Understanding Stealth Malware | The Invisible Things Blog

Ever wondered whether Blue Pill really works or was just a PR stunt? Ever wanted to see how practical are various timing attacks against it? (And can even those “unpractical” be cheated?) Or how many Blue Pills inside each other can you run and still be able to play your favorite 3D game smoothly? Or how deep Alex can hook into Windows NDIS to bypass your personal firewall? Do you want to see Patch Guard from a “bird’s eye view” perspective? Or do you simply want to find out how well the latest Vista x64 kernel is protected? Ever wondered how rootkits like Deepdoor and Firewalk really worked? You can’t sleep, because you’re thinking constantly about how Blue Pill-like malware can be prevented? Does Northbridge hacking sound sexy to you? :)

At the very end of July, during the Black Hat Briefings in Las Vegas, Alex Tereshkin and I will be running a training “Understanding Stealth Malware”, where you should be able to find answers to the above questions plus many more.

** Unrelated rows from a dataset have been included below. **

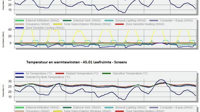 Daarnaast bekeek STABO de invloed van mogelijke verbeteringen en gebruikte het studiebureau de eigen DesignBuilder software om alle geometrische eigenschappen (isolatie, thermische massa, technieken) en invloeden (klimaat, gebruik van het gebouw) te bestuderen.
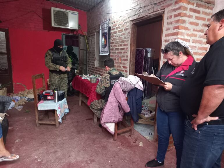 El allanamiento se llevó a cabo en una vivienda ubicada en la calle Batallón 40, casi Ruta Nacional 4. En el lugar se incautaron 15 dosis de cocaína (8,7 gramos), 3 dosis adicionales (1,7 gramos), cuatro teléfonos celulares y una importante suma de dinero en efectivo de baja denominación.
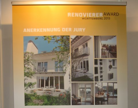 - Verleihung des RENOVIERER AWARDs WÜRTTEMBERG 2013: Auszeichnung als besondere Anerkennung im April 2013
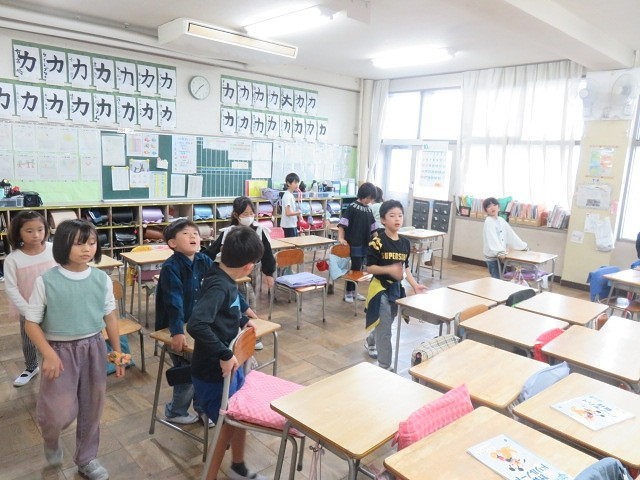 3年生の教室では,教科書等が入っている机を頑張って持ち上げて運んでいました。
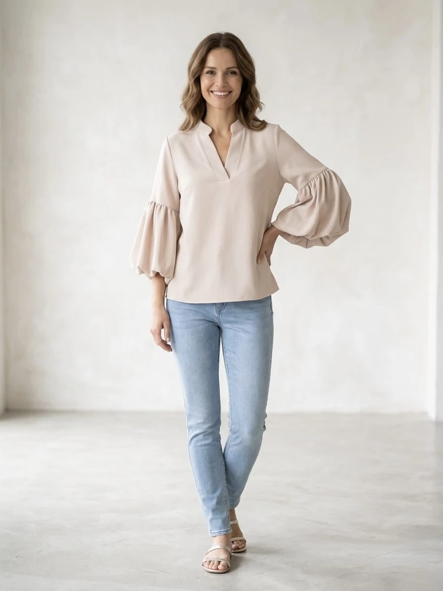 Są takie dni, kiedy nie masz czasu myśleć, co na siebie włożyć… a i tak chcesz wyglądać dobrze. Właśnie wtedy sięgasz po tę bluzkę — i nagle wszystko się zgadza.

The training will feature many previously unpublished techniques, implementation details, and of course lots of brand new code, developed especially for the training. The code will include sample rootkits similar to Deepdoor, Firewalk, Blue Pill and Delusion (but redesigned and rewritten from scratch) as well as some more exotic things, like e.g. anti-hardware-forensic attacks.

As the training will be focused on Windows platform and Vista x64 specifically, we will also present some new kernel attacks against latest Vista x64 builds. These attacks, of course, work on the fly and do not require system reboot and are not afraid of the TPM/Bitlocker protection. (Although they could also be used to bypass Vista DRM protection, this subject will not be discussed during the training).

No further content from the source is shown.